Google is your friend http://www.tomshardware.com/news/Vis...ion,22015.html
Last edited by AndyM95; 12-04-2013 at 10:27 PM.
Eh?
The 5 most recent game benchmarks, you pretty much can't split the 3470 and 8350.
Plus the 3470 will win on anything older.
I just don't see why a gamer would choose an 8350 which will match the i5 performance AT BEST.
http://www.techspot.com/review/655-b...nce/page5.html
http://www.techspot.com/review/648-s...nce/page4.html
http://www.techspot.com/review/645-t...nce/page5.html
http://www.techspot.com/review/642-c...nce/page6.html
http://www.techspot.com/review/615-f...nce/page6.html
You're not taking into consideration the cost of the chipset and the feature set at that price, plus you can over clock any of the FX series chips even on the lower end cheaper boards... Then add in the fact that AMD seem more keen to stick with the socket for the future so you have an easier upgrade path.
Not saying the 3470 is a bad option, I just struggle to see it as the best all rounder
Aside from choosing a single source, I see:
Negligible difference,
Negligible difference,
Non-CPU bottleneck/fps cap,
8350>i5, but still negligible difference TBF,
Negligible difference.
You can't look at 1-2fps framerate differences on one website and testing resolution and call one, significantly more expensive, CPU conclusively better in every way. They also exclude the 6300 from most tests, but it's a decently competitive CPU, especially considering its price tag.
The 3470 is no more expensive at all, in fact cheaper as far as I can see.

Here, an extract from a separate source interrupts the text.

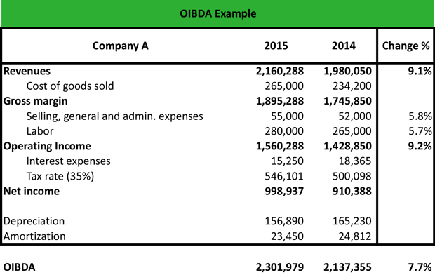 Marco is an accountant at company A, and he wants to calculate the company’s OIBDA for 2015 and compare it to the OIBDA of 2014:

I'm not saying it is better in every way, but it is no more expensive, just as good at modern games and will perform far better in established games.
The 8350 has no advantages at all, oh and about double the power consumption at load.
What about the ~£100 6300? And when you factor in motherboard cost and features?
And as for derping over something like 20W load power consumption again...
CAT-THE-FIFTH (13-04-2013)
Sure, if you are on a really tight budget then the 6300 is OK, but it is slower than the 8350 and thus slower than the 3470.
It's 7fps below the 3470 on the only direct comparison above, bringing it below 60fps.
If you don't take a Z77 board, the motherboard is no more expensive than a 970 motherboard.
While I'd love to believe that the 3470 is 20w at load and the 8350 40w at load, they just aren't.
The 3470 is 96.6 and the 8350 is 195.2w.
http://www.anandtech.com/show/6396/t...x4300-tested/6
Price is no more than a 970 but you get less features and no overclocking.
Also anand openly admit:
These are platform readings, it's worth taking that into account. The readings different review sites have got have been quite different depending on which site you like at.(the Crosshair Formula V is hardly the lowest power AM3+ board available)
I'm not saying there aren't perfectly good reasons to get an 8350, but for a typical gamer on a budget you just don't need fancy motherboard features, you aren't going to have RAID SSD or SLI/CF.
If you have an i5 there's not really any need to overclock for games, they downclocked their 3770k by 1Ghz and it still beat the 8350 at stock. I'm mean I know overclocking is "cool" but it not actually that useful in a practical sense. Plus there is still a cost associated with it. Too many people act as if overclocking is "free" but often these people have spent huge amounts to achieve their overclocks.
OK so let's assume a really efficient motherboard and take 20W off, it's still 80W extra for the 8350 platform.
But wouldn't anyone willing that spend that much cash just go for Intel instead?
Don't get me wrong here, I'm a fan of AMD and want to see them get back to their glory days, going toe-to-toe with Intel, but Intel has a significant advantage in terms of efficiency, power usage and general speed. AMD has price. If you take away AMD's price advantage, then what does it have as an incentive to buy it?
If this is 5GHz within a 95W envelope, then that'd be amazing. Heck, even within 125W it'd be okay, but I can't see that happening and at that price, you'll have to have to a very specific use for it (or a lot of spare money) to get a real advantage from that chip over a similarly priced or even cheaper Intel setup.
Stick to what you do best AMD and keep the price advantage and the low-middle range APU market.
You're comparing power consumption under heavy video encoding load, where the 8350 happens to be substantially faster than any i5. Power consumption under gaming load is NOT the same. As has been mentioned already, platform power consumption tends to be far more significant than CPU power for modern CPUs, which is usually in the low single-digits when gated.
And you're basing your gaming benchmarks on a single table from a single website.